Ultimately, in this world of socialized zombieism where life exists in order to further the extension of capital and domination of wealth over labor, the interests of the working class has become concealed and banished to the space of lofty academia and disgruntled distress. In an age where the means of communication are constructed and self-replicated without the purview of the apparatus, the referentiality towards social constructs disappears (or at least, eludes). Without the ability to identify oppression, violence orchestrated in the interests of maintaining a status quo chaotically aggregates the discontent and contorts through virtual topology. It seems impossible to escape this Virtual Infinity, but in an accelerationist manner, it is evident that we can only escape but through.

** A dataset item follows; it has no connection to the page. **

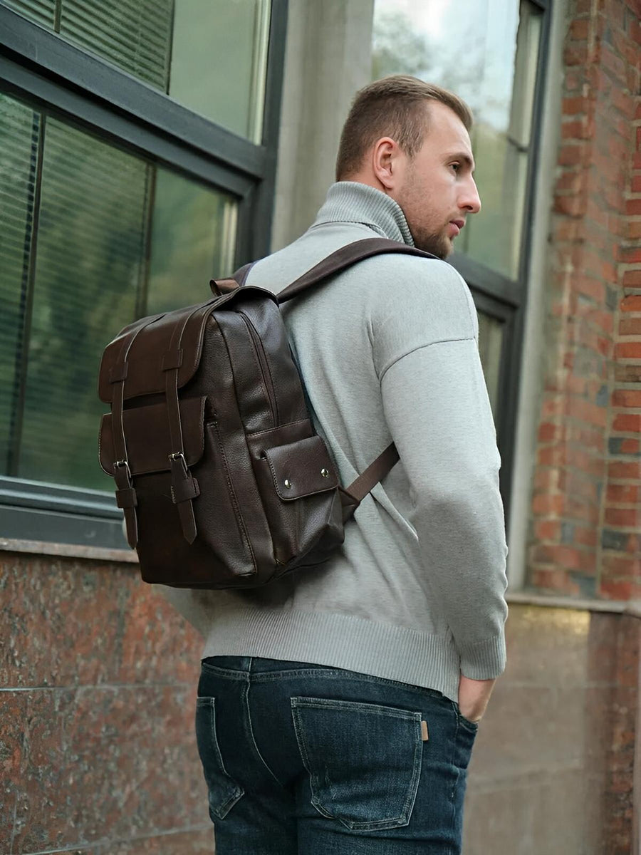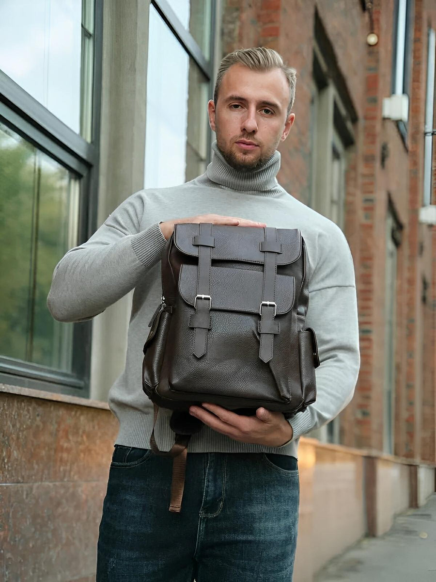 Il sistema di chiusura magnetica con patta in pelle e fibbie metalliche aggiunge un tocco funzionale ed estetico, combinando sicurezza e stile. Perfetto per l’ufficio, le lezioni o i viaggi, questo zaino è l’alleato ideale per un’organizzazione senza compromessi.

Engaging with hegemony remains a difficult task, and those aiming to topple it must go back to the drawing board and re-engineer new modes of action. It will not be painless; it will not be comfortable; and it will not be effortless.

The long, dark night of the end of history has to be grasped as an enormous opportunity. The very oppressive pervasiveness of capitalist realism means that even glimmers of alternative political and economic possibilities can have a disproportionately great effect. The tiniest event can tear a hole in the grey curtain of reaction which has marked the horizons of possibility under capitalist realism. From a situation in which nothing can happen, suddenly anything is possible again.

Mark Fisher, Capitalist Realism: Is There No Alternative?

Contending with the now as praxis for a radical future is the moment at which we declare war against what seemed insurmountable.